Novel analytical approach to bivalve shell biogeochemistry: A case study of hydrothermal mussel shell

Abstract

To study the mechanism of element incorporation into bivalve shells living in hydrothermal environments, the chemical composition of deep-sea mussel (Bathymodiolus platifrons) shell was analyzed using three microanalytical techniques. Mg/Ca, Sr/Ca, Mn/Ca, and Ba/Ca ratios were measured in ∼8-μm-diameter spots by secondary ion mass spectrometry (NanoSIMS). Mg, Sr, Ca, and S distributions were analyzed by electron probe microanalyzer (EPMA; spatial resolution, ∼2 μm).
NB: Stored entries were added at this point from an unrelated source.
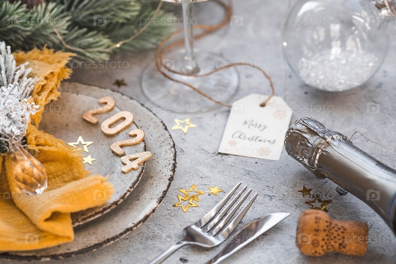Сервировка стола. Стильные тарелки, салфетка, бокал, шампанское, елочные ветки и рождественские украшения на сером фоне. Концепция счастливого Рождества и Нового 2024 года
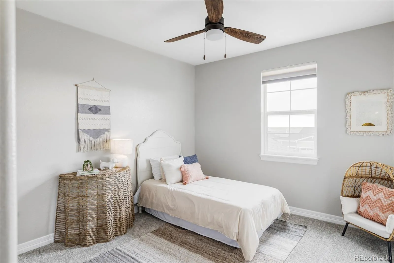 The chef’s kitchen anchors the home with a generous island, upgraded appliances, and seamless connection to the dining and living spaces. A dramatic three-panel sliding glass door opens to a covered outdoor living area, creating a true indoor-outdoor experience perfect for Colorado evenings and gatherings.
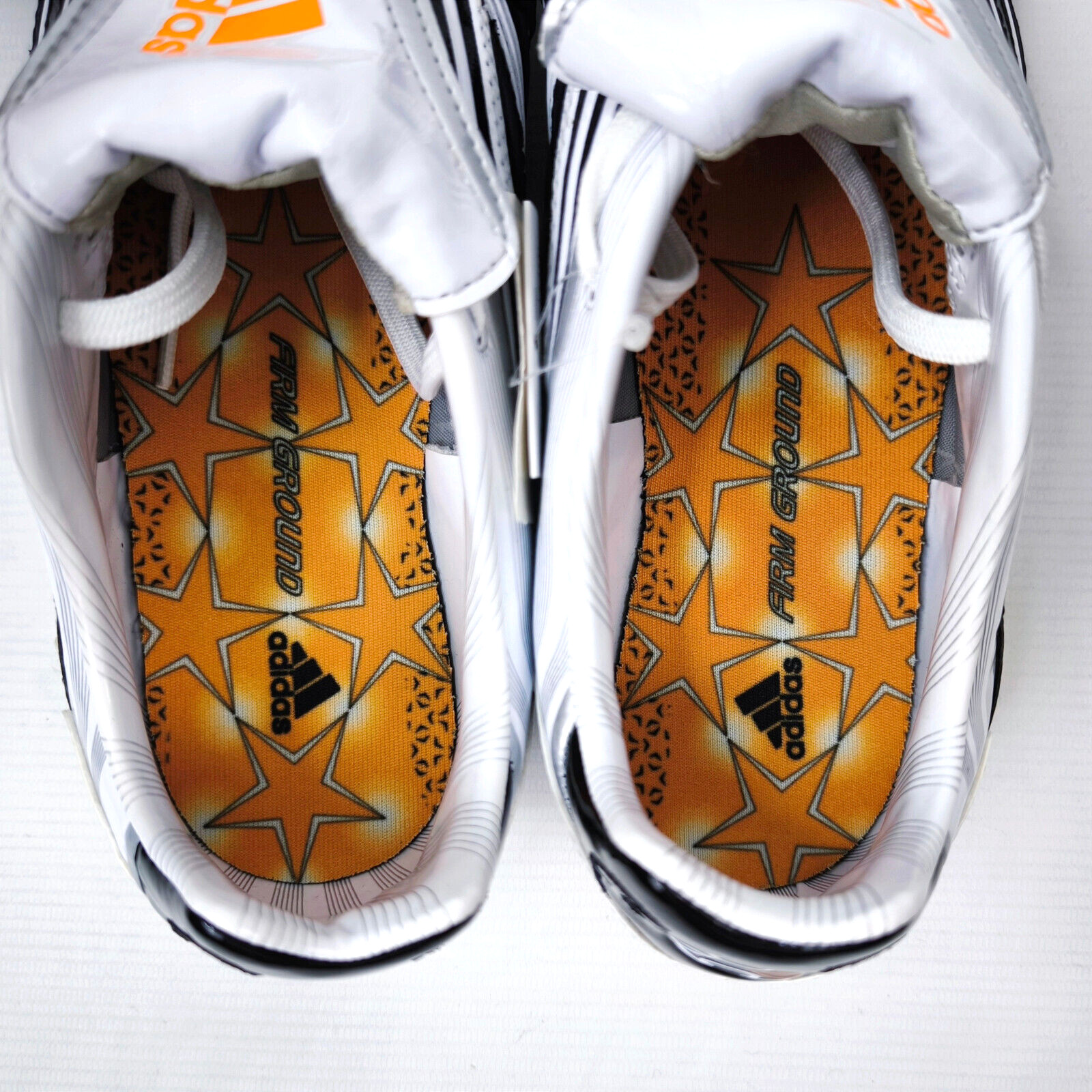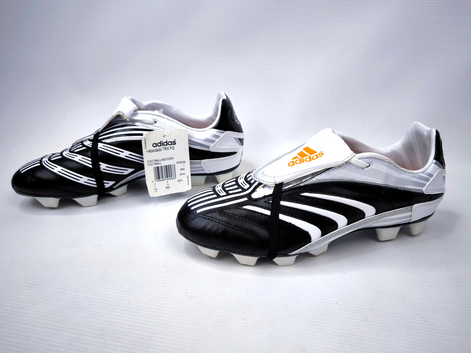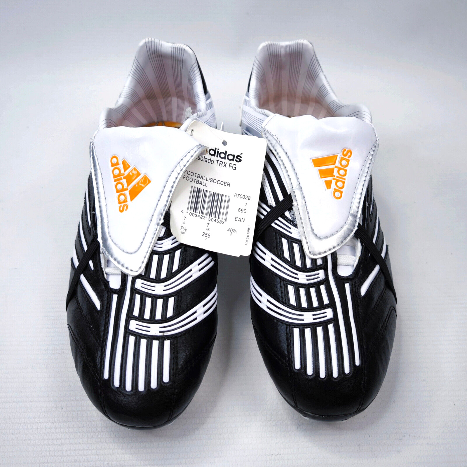 ________________________________________Marke: adidasModell: F10 TRX FG / U41869Größe: Eur 41 1/3 / UK 7.5 / US 8Farbe: orange / schwarz Zustand: neu_______________________________________Beschreibung:Die Schuhe sind neu und ungetragen mit Etikett (ohne Karton).Ein adidas super lightweight Modell aus dem Jahr 2010.Neu und ungetragen.
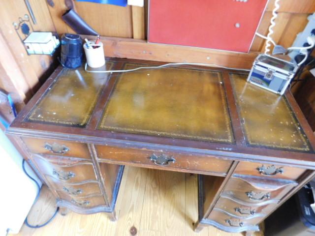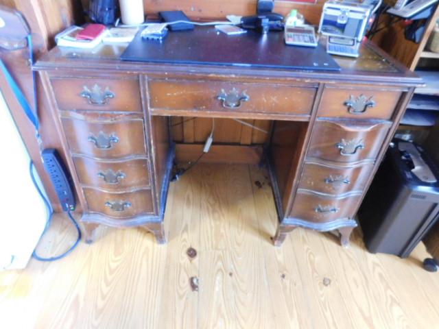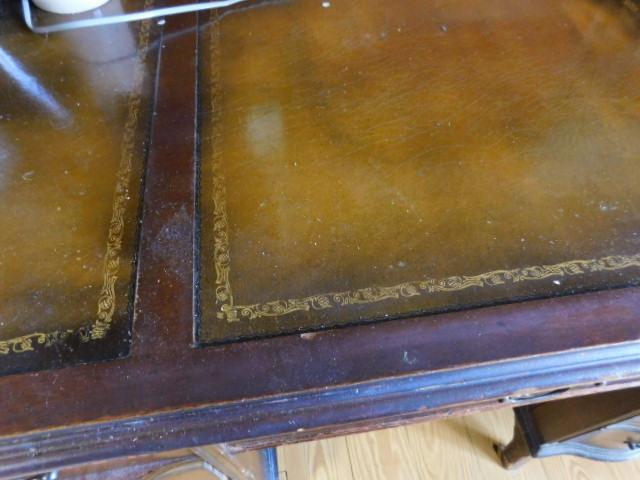 Antique Mahogany Leather Inlay Topped Desk Serpentine Drawers 41"x20"x29"

Micro-scale shell structures were observed by SEM and optical microscope. The inner aragonitic layer comprised three sublayer types. The thick organic sublayers and homogeneous sublayers were interlaminated sporadically among usually deposited nacreous layers. Elemental compositions were significantly associated with shell sublayer types. The thick organic sublayers contained higher Mg/Ca, Sr/Ca and Ba/Ca ratios by factors of up to 3.0, 2.6 and 3.2, respectively, compared to the adjacent nacreous layers. On the other hand, Mn/Ca ratios in homogeneous sublayers were depleted down to one third of those in adjacent nacreous layers. Our data suggest that biological effects are significant for micro scale elemental distributions.